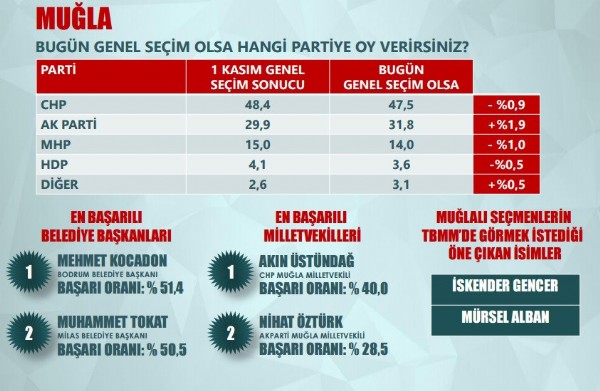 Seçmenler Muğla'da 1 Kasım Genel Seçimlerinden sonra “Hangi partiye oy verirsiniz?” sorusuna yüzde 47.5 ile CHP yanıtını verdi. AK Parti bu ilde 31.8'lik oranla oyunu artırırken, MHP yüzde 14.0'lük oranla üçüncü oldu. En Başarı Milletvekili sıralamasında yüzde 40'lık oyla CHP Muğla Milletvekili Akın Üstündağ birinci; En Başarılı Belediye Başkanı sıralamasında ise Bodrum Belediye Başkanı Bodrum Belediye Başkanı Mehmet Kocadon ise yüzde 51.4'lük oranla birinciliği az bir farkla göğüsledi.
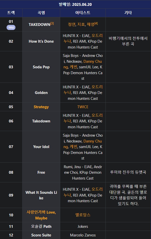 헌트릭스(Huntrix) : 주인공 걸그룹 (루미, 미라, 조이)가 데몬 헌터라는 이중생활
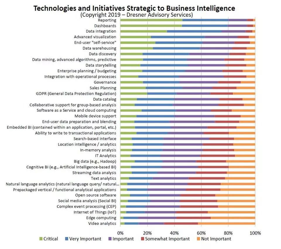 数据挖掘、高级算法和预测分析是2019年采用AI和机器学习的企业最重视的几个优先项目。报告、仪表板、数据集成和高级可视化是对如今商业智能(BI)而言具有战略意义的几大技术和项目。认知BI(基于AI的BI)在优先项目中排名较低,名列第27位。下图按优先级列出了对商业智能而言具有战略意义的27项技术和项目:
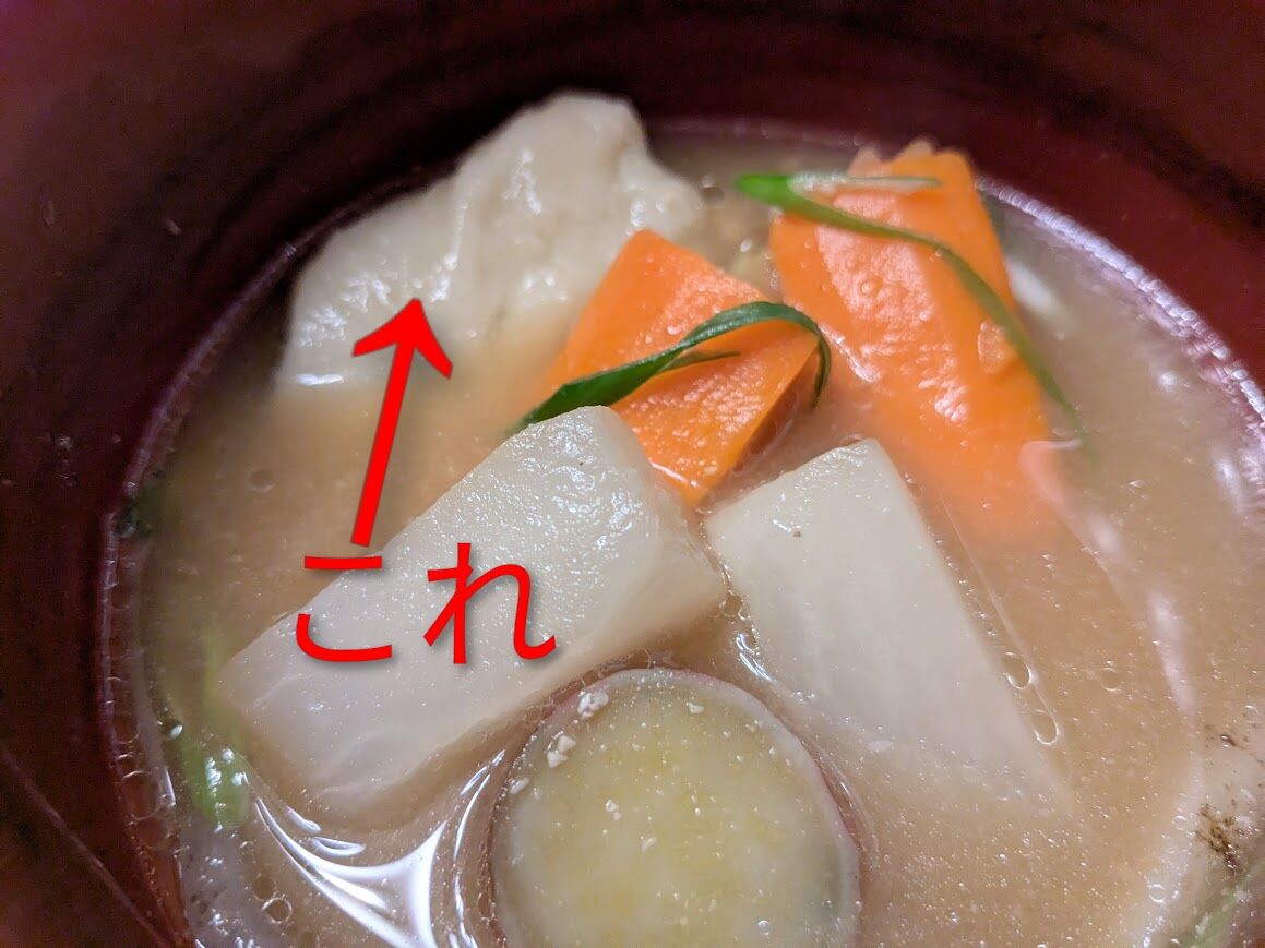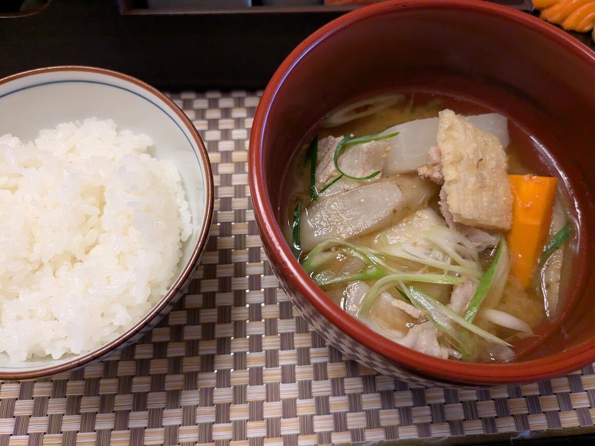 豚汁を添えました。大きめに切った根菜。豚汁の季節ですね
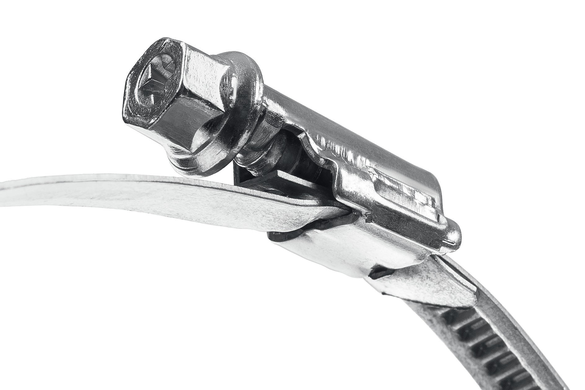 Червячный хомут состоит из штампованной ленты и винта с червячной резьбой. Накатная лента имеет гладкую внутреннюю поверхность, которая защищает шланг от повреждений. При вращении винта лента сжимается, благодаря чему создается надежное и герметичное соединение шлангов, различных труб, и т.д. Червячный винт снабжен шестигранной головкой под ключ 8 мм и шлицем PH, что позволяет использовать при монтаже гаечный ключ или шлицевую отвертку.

### WHAT IS NEEDED
Transcribe every entry above exactly. Omit all pictures.

### YOUR SOLUTION
 Seçmenler Muğla'da 1 Kasım Genel Seçimlerinden sonra “Hangi partiye oy verirsiniz?” sorusuna yüzde 47.5 ile CHP yanıtını verdi. AK Parti bu ilde 31.8'lik oranla oyunu artırırken, MHP yüzde 14.0'lük oranla üçüncü oldu. En Başarı Milletvekili sıralamasında yüzde 40'lık oyla CHP Muğla Milletvekili Akın Üstündağ birinci; En Başarılı Belediye Başkanı sıralamasında ise Bodrum Belediye Başkanı Bodrum Belediye Başkanı Mehmet Kocadon ise yüzde 51.4'lük oranla birinciliği az bir farkla göğüsledi.
 헌트릭스(Huntrix) : 주인공 걸그룹 (루미, 미라, 조이)가 데몬 헌터라는 이중생활
 数据挖掘、高级算法和预测分析是2019年采用AI和机器学习的企业最重视的几个优先项目。报告、仪表板、数据集成和高级可视化是对如今商业智能(BI)而言具有战略意义的几大技术和项目。认知BI(基于AI的BI)在优先项目中排名较低,名列第27位。下图按优先级列出了对商业智能而言具有战略意义的27项技术和项目:
 豚汁を添えました。大きめに切った根菜。豚汁の季節ですね
 Червячный хомут состоит из штампованной ленты и винта с червячной резьбой. Накатная лента имеет гладкую внутреннюю поверхность, которая защищает шланг от повреждений. При вращении винта лента сжимается, благодаря чему создается надежное и герметичное соединение шлангов, различных труб, и т.д. Червячный винт снабжен шестигранной головкой под ключ 8 мм и шлицем PH, что позволяет использовать при монтаже гаечный ключ или шлицевую отвертку.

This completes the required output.